Complex Query Operations
- Nested Document Query: Access nested fields through dot path, such as shipping_address.city.
- Array Operations: Supports array element matching, array length calculation, in-array query, etc.
- Geospatial Query: Perform spatial query through $near/$geoWithin and other operators (requires geographic index).
- Condition Combination: QueryOptions/QueryCondition supports multi-condition AND/OR, comparison operators, regex matching, IN/NOT_IN, null judgment, etc.
Pagination and Sorting
- Provides pagination capability through FindWithPagination and FindByFieldWithPagination.
- Internally uses FindOptions' Limit/Skip to control pagination range.
- Defaults to descending by created_at, can customize sorting fields.
Transaction Processing
- Repository provides WithTransaction placeholder method, currently returns self; actual transactions need to use in upper session.
- Test cases demonstrate how to start session and create SessionContext, reserve extension points for subsequent transaction operations.
Connection Configuration and Replica Set/Sharding Support
- Connection Method: Establishes connection through mongo.Connect and options.Client().ApplyURI(uri).
- Replica Set: URI can contain replica set name and node list, driver automatically handles master-slave switching.

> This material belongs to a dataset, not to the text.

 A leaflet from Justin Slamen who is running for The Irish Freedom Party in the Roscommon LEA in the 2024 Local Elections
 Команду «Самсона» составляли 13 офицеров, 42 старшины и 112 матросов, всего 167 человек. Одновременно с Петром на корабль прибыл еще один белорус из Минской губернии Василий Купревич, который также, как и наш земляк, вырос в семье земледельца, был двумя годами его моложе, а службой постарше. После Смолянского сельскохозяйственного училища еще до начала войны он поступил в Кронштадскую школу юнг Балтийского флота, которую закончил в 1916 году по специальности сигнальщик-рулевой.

- Sharded Cluster: URI can contain sharded cluster configuration, driver automatically routes to correct shard.
- Production Recommendations: Enable connection pool, timeout control, authentication and TLS; set appropriate read preference for read-only queries.
Dependency Analysis
MongoDB repository depends on entity interface and use case layer contract, while interacting with MongoDB through Go Driver; test layer uses Testcontainers to start MongoDB container for integration verification.

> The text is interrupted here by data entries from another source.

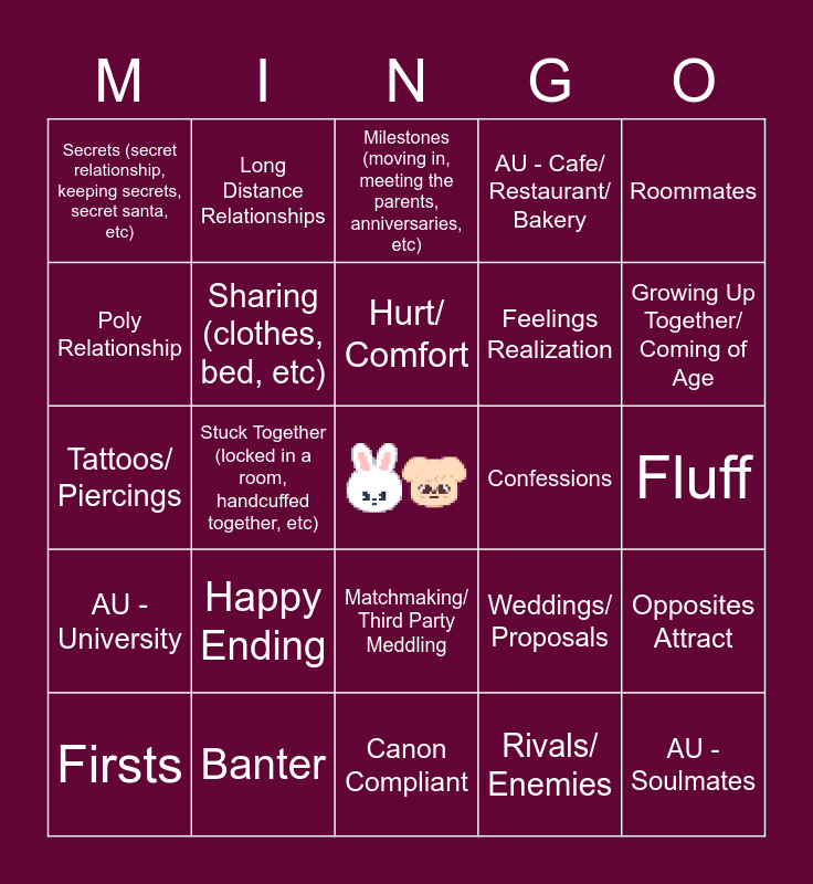 This bingo card has a free space and 24 words: Happy Ending, Banter, Hurt/ Comfort, Firsts, Roommates, Secrets (secret relationship, keeping secrets, secret santa, etc), Poly Relationship, Long Distance Relationships, Confessions, Matchmaking/ Third Party Meddling, Feelings Realization, Tattoos/ Piercings, Weddings/ Proposals, Opposites Attract, Sharing (clothes, bed, etc), Rivals/ Enemies, Fluff, Milestones (moving in, meeting the parents, anniversaries, etc), Growing Up Together/ Coming of Age, Stuck Together (locked in a room, handcuffed together, etc), AU - Soulmates, AU - University, AU - Cafe/ Restaurant/ Bakery and Canon Compliant.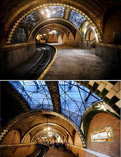 The City Hall Subway Station in New York, United States. The station is a beautiful and functional one. It has been the most attractive subway station in New York since it was put into operation in 1945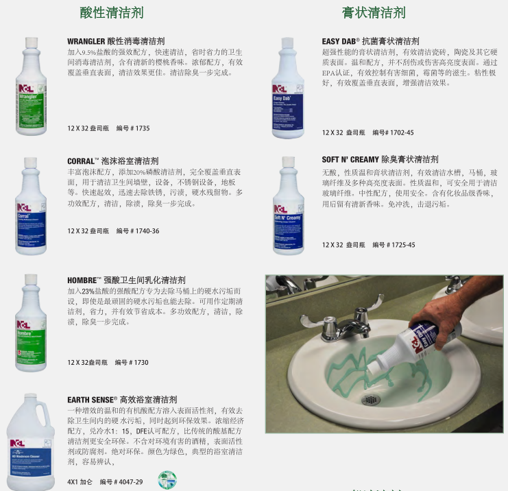 干凈、衛生的衛生間反映了設施的整體清潔程度。NCL的衛生間清潔系統提供了最先進的清潔、消毒和除臭產品,以確保最大功效的控制衛生間環境中致病細菌。對于地板,墻壁,和其他表面,你也會找到一個更完整的程序。健康 經濟 的清洗方案可以選擇適合清潔人員使用的化學輸送系統。低成本的傳統包裝提供最大的靈活性。稀釋控制管理系統提供稀釋狀態下各種各樣的產品,以達到最佳效果。

Performance Considerations
Optimization Recommendations
- Read-Write Separation: Set appropriate read preference for read-only queries, reduces master load.
- Index Strategy: Build single-column/composite indexes for query patterns, use text/geographic indexes when necessary.

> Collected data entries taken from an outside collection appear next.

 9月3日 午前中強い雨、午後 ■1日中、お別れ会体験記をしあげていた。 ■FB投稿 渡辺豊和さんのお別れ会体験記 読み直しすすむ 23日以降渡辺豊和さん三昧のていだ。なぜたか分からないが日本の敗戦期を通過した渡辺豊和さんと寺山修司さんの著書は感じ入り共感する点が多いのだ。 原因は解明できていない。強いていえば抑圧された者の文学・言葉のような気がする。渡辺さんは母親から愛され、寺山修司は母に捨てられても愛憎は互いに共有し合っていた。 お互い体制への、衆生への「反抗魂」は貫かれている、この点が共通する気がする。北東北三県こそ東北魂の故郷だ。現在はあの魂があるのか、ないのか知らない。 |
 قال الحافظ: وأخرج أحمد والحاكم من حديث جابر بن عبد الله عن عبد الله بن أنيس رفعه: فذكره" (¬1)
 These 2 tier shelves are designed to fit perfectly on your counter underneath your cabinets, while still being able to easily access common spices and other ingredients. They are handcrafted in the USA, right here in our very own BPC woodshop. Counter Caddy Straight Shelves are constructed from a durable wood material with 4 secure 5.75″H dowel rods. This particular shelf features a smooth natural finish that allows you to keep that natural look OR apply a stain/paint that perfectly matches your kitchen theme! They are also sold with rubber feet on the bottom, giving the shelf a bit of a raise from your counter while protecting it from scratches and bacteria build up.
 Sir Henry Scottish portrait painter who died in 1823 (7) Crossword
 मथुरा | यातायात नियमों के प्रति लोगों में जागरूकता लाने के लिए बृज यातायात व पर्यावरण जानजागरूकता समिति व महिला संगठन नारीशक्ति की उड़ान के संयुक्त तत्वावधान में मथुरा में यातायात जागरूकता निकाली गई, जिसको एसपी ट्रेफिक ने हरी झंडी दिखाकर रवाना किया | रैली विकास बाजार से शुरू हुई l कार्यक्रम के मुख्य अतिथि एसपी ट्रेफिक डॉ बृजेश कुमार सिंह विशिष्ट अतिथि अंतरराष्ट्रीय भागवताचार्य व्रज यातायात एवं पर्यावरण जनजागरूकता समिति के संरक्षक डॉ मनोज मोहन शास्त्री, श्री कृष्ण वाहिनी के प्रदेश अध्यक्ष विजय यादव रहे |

- Aggregation Optimization: Reduce intermediate result sets, use appropriate aggregation stage order.
- Connection Pool: Reasonably configure maximum connections, idle connections and timeout, avoids connection contention.
- Monitoring and Alerting: Establish slow query and high latency alerts, regularly review hot queries.
Query Plan Analysis and Memory Usage Monitoring
- Query Plan: View execution plan through database's explain function, locate bottlenecks.
- Memory Monitoring: Observe memory usage in aggregation stages, avoids large result sets causing excessive memory peaks.
- Logging and Tracing: Record key query duration and exceptions, assists in locating problems.
Troubleshooting Guide
Common Error Types
- RepositoryError: Operation failure, entity not exists, ID empty, etc.
Common Issues
- ID Type Problem: Confirm if incoming ID is valid ObjectID or custom string.
- Query Exception: Check if QueryOptions/QueryCondition field names and operators are correct.
- Connection Problem: Confirm URI is correct, network reachable, authentication and TLS configuration correct.
- Test Environment: Use Testcontainers to start MongoDB, ensure container health and database cleanup.
Conclusion
Sparrow's MongoDB repository through generic and interface abstraction, provides unified and extensible NoSQL storage capability. Its BSON encoding/decoding, ID type handling, pagination and conditional query features meet most business scenario requirements. Combined with reasonable index and aggregation optimization, complete connection configuration and monitoring system, can run stably and efficiently in production environment.
Appendix
Entity Examples
- Task, Session demonstrate different business entity fields and behaviors.
Complex Entities
- Order/OrderItem demonstrate complete access process of nested documents and arrays.
Test Coverage
- Covers CRUD, pagination, conditional query, random sampling, transaction placeholder and complex entities.